Properties of the Gamma function

Question

How I can show that

$$\prod_{r=2}^{N}\frac{\Gamma^2(r\alpha+1)}{\Gamma((r-1)\alpha+1)\Gamma((r+1)\alpha+1)} \lt 1$$

for all $N \gt 2$ and $0 \lt α\leq 1$?

Thanks

Answer 1

Notice that the product telescopes to

$$ \frac{\Gamma(2\alpha+1)\Gamma(N\alpha+1)}{\Gamma(\alpha+1)\Gamma((N+1)\alpha+1)}.$$

Fleshing out the comment by andre, let us use the sum formula for the gamma function,

$$\Gamma(x+y)=\frac{\Gamma(x)\Gamma(y)}{B(x,y)},$$

where $B(x,y)=\int_0^1 t^{x-1} (1-t)^{y-1} dt$ is the beta function.

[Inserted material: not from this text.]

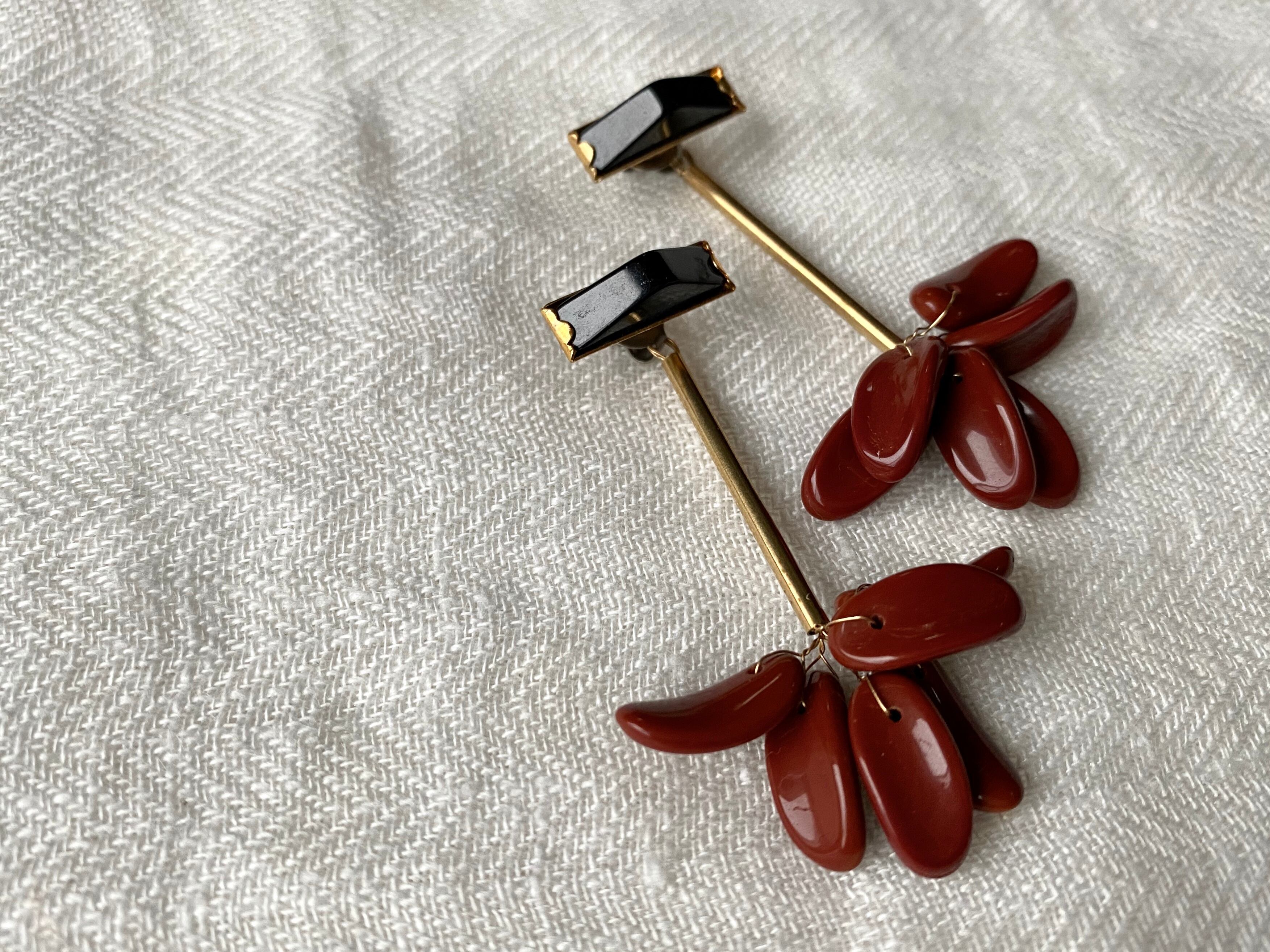 ヴィンテージパーツを組み合わせて、ピアスを作りました。

Thus $$\Gamma(2\alpha+1)=\Gamma(\alpha+1)\Gamma(\alpha)/B(\alpha+1,\alpha)$$ and $$\Gamma((N+1)\alpha+1)=\Gamma(N\alpha+1)\Gamma(\alpha)/B(N\alpha+1,\alpha).$$ Plugging this into the above, our claim becomes

$$\frac{B(N\alpha+1,\alpha)}{B(\alpha+1,\alpha)}<1.$$

Recalling the definition of the beta function, the claim is simply

$$\int_0^1 t^{N\alpha} (1-t)^{\alpha-1} dt < \int_0^1 t^{\alpha} (1-t)^{\alpha-1} dt.$$

But $0\le t^\alpha\le 1$, so since $N>1$ we have $(t^\alpha)^N< t^\alpha$ for all $0<t<1$, so this one is obvious.